Afbeelding
Foto: Christian Pfeiffer

Dat Amsterdam zich met Weesp bemoeide of daar een soms belangrijke rol speelde, is altijd al zo geweest.

Amsterdam en Weesp hebben meer gemeen dan je zou verwachten. Ook in het verleden deed Amsterdam zich al in Weesp gelden.

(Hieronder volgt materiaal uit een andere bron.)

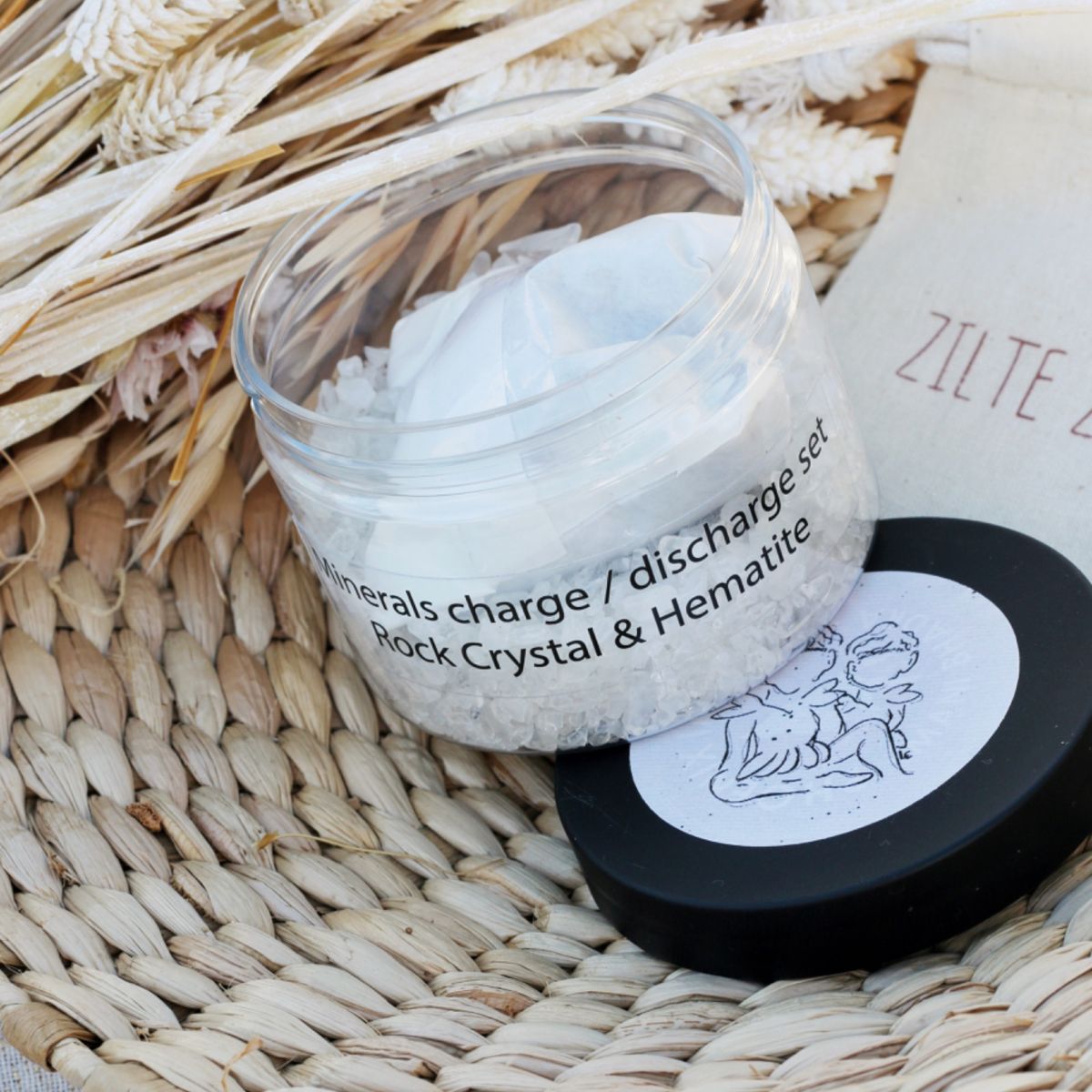 Ontlaad-/oplaad set van 100 gram Hematiet en 100 gram Bergkristal. Deze hoeveelheid is voldoende voor het opladen van kleinere items, zoals een hanger, armband, trommelsteen of knuffelsteen, oorbellen, mobiele telefoonhanger of (kleinere) ruwe edelstenen.

Tekst Cees Pfeiffer, foto Christian Pfeiffer

Nooordersluis

Neem de sluis, die formeel Noordersluis heet, en onderdeel was van de zogenaamde Keulsche Vaart: een drukke vaarverbinding van Amsterdam met Duitsland die sinds de opening in 1639 van de Weespertrekvaart door Weesp voerde. Heen en terug naar Duitsland moesten de Rijnschepen in de Noordersluis worden geschut om op de Vecht te komen. Dat bracht aardig wat geld in de gemeentekas. Tijdens de hoogtijdagen passeerden er in Weesp jaarlijks 12.000 vrachtschepen, ofwel zo’n 40 schepen per dag. Het was dus elke dag een drukte van belang bij onze kleine Noordersluis. Al in de 14e eeuw lag er een sluis die steeds werd aangepast aan de steeds groter wordende Rijnschepen. De vaart verloor haar functie in 1892 toen het Amsterdam-Rijnkanaal werd geopend, waarmee een snelle rechtstreekse verbinding van Amsterdam via Utrecht naar de Rijn ontstond. Ook een lucratieve handel voor Weesp met Amsterdam was het Vechtwater. Omdat het water van Amsterdamse grachten te vuil was om te kunnen drinken en bier van te brouwen, ‘exporteerde’ Weesp Vechtwater naar Amsterdam. Daarvoor waren speciale waterschepen ontworpen die over de Keulsche Vaart naar Weesp voeren en onder het toeziend oog van een ‘Amsterdamse waterschout’ schoon Vechtwater innamen voor Amsterdam. Het water kostte niks, maar het schutten leverde Weesp wel geld op.

Beurtvaart

Maar er was meer scheepvaartverkeer tussen beide steden. Vanaf 1639 kon je vier keer per dag met een trekschuit naar Amsterdam en terug. De reis duurde twee uur. De boot vertrok ’s morgens om 6 en 8 uur en ’s middags om 2 en 5 uur, en omgekeerd. Later toen de passagiers de trein konden pakken, namen beurtschippers voor het vrachtvervoer tussen Weesp en Amsterdam de plaats van trekschuiten over. De beurtschepen lagen afgemeerd in wat tegenwoordig ‘De Kom’ heet, waarschijnlijk een verkorting van de oude naam ‘keerkom’ omdat daar vroeger de schepen konden keren. In de bloeiperiode onderhielden zo’n vijftien vrachtschepen vanuit Weesp een geregelde dienst op steden als Utrecht en Rotterdam, maar vooral Amsterdam. Die schepen droegen mooie namen als ‘Barbara’, ‘De Adelaar’, ‘Wilhelmina’, ‘Elizabeth’, ‘De Stad Weesp’ of gewoon ‘Weesp’. Aan die glorietijd kwam begin jaren zestig vrij plotseling een einde toen vrachtwagens het vervoer overnamen.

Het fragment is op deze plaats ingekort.